#### [EXERCISE PROMPT]
Where a line of the data holds the word "спать", copy that line.

#### [DATA PROVIDED]

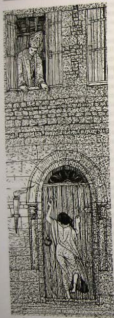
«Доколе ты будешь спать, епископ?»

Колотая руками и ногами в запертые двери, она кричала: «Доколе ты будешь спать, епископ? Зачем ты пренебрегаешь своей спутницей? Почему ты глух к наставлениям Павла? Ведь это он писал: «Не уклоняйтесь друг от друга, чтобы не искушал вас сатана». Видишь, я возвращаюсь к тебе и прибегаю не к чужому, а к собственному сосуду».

...

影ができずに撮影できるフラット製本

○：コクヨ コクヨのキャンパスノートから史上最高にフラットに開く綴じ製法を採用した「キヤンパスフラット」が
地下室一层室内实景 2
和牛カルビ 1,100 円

#### [ANSWER TO THIS EXERCISE]
«Доколе ты будешь спать, епископ?»
Колотая руками и ногами в запертые двери, она кричала: «Доколе ты будешь спать, епископ? Зачем ты пренебрегаешь своей спутницей? Почему ты глух к наставлениям Павла? Ведь это он писал: «Не уклоняйтесь друг от друга, чтобы не искушал вас сатана». Видишь, я возвращаюсь к тебе и прибегаю не к чужому, а к собственному сосуду».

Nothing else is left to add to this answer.